**Information given**.
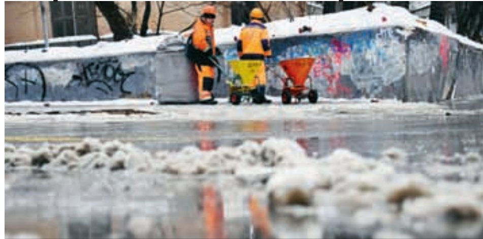
На дороге будет гололед.
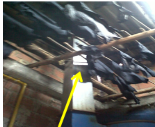
FOTOGRAFÍA 4: DUCTO DE CONDUCCION EMISIONES DE LA CALDERA
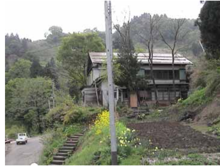
52-02蓬平DSC00064.JPG 2005/05/15 10:21:23
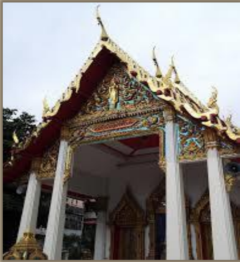
รูปวัดละครท่า
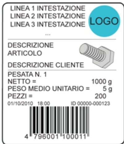
Esempio di etichetta
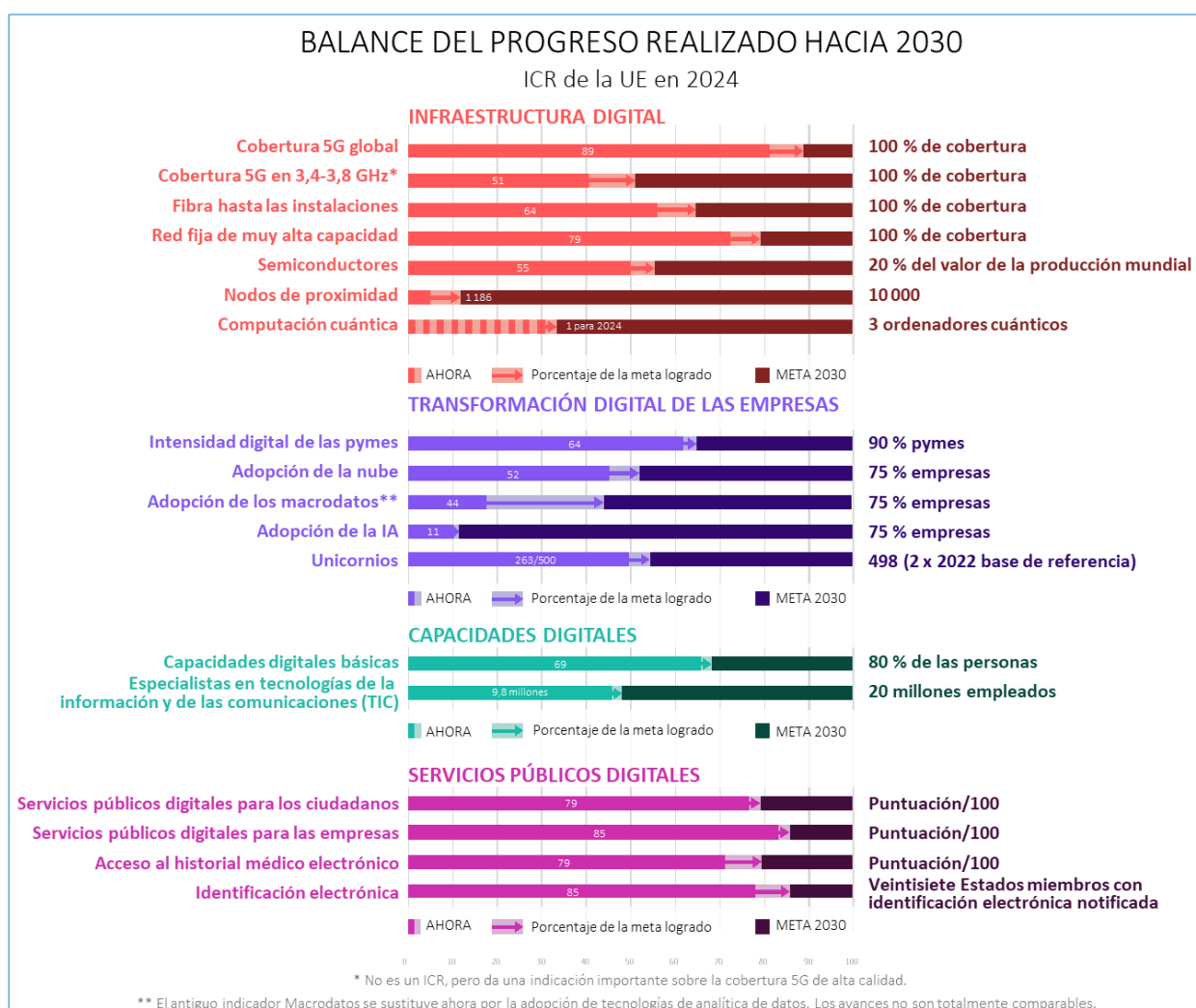
Gráfico 1. Balance del progreso realizado hacia las metas de la Década Digital fijadas para 2030 3

Por primera vez, este informe incluye una evaluación de las hojas de ruta estratégicas nacionales para la Década Digital . Sobre esta base, esboza la contribución individual de los
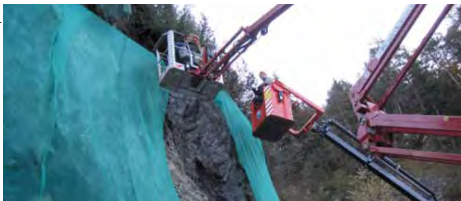
Bei der Netzmontage

Da die Rodelbahn im Bereich der Felsenkurve in den letzten Jahren vermehrt von Steinschlägen betroffen war, hat man sich nach zahlreichen Reparaturen am alten Netz dazu entschlossen, dieses zu erneuern.
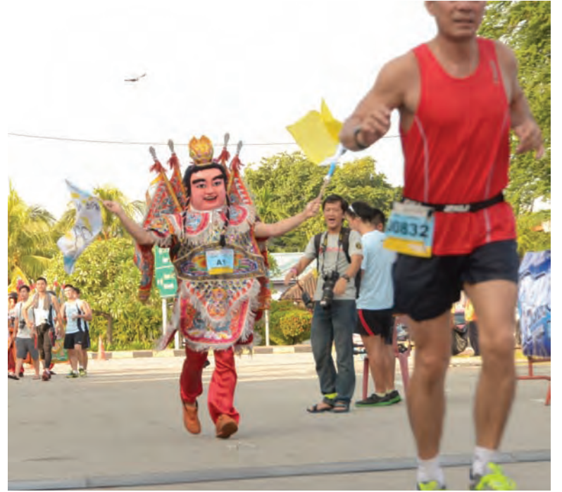
The Penang Run taking place at Butterworth has a special runner - a Chinese mythical figure in the race.
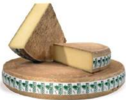
El mejor Comte del mundo, FORT SAINT ANTOINE 13M 1/8 4,5kg F713324
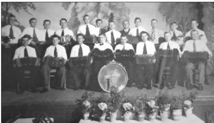
Konzertinaverin „Heimatklänge“ 1935 im Volkshaus Gornsdorf

Gästen die Konzertina und das Bandoneon sowie das frühere Gornsdorfer Musikleben vorgestellt wurden, waren nur ein Teil des Abends. Zur Umrahmung ihrer Ausführungen spielten beide Referenten mehrere Stücke aus alter und neuer Zeit, wie z. B. „Wenn in Großmutter Stübchen ...“, den argentinischen Tango „Jalousie“, „Wenn ich einmal reich wär“ und andere bekannte Melodien.
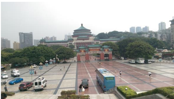
圖十一 重慶市人民大禮堂
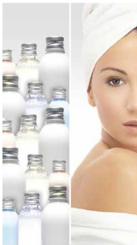
Bien-être dans la baignoire et la douche. L'eau adoucie est idéale pour les peaux sensibles. Réduisez vos dépenses en crèmes et produits hydratants.
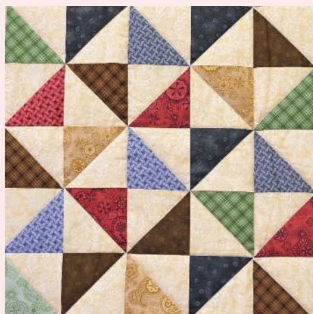
Веселые треугольники 112
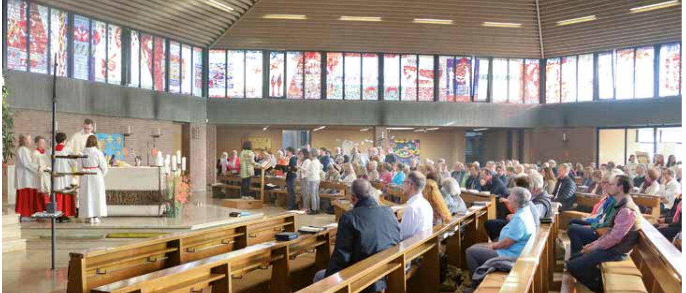
Unter dem bunten Fensterband mit biblischen Motiven des Künstlers Franz Dewald in der Heddesheimer Remigiuskirche versammelten sich Christen aus allen fünf Kirchengemeinden zur Feier der Eucharistie.

**Work to complete**.
Keep to the lines above from the line with "El mejor Comte" to the line with "圖十一 重慶市人民大禮堂", and set down exactly those, inclusive, with nothing else and every picture left out.

**Finished task**.
El mejor Comte del mundo, FORT SAINT ANTOINE 13M 1/8 4,5kg F713324
Konzertinaverin „Heimatklänge“ 1935 im Volkshaus Gornsdorf

Gästen die Konzertina und das Bandoneon sowie das frühere Gornsdorfer Musikleben vorgestellt wurden, waren nur ein Teil des Abends. Zur Umrahmung ihrer Ausführungen spielten beide Referenten mehrere Stücke aus alter und neuer Zeit, wie z. B. „Wenn in Großmutter Stübchen ...“, den argentinischen Tango „Jalousie“, „Wenn ich einmal reich wär“ und andere bekannte Melodien.
圖十一 重慶市人民大禮堂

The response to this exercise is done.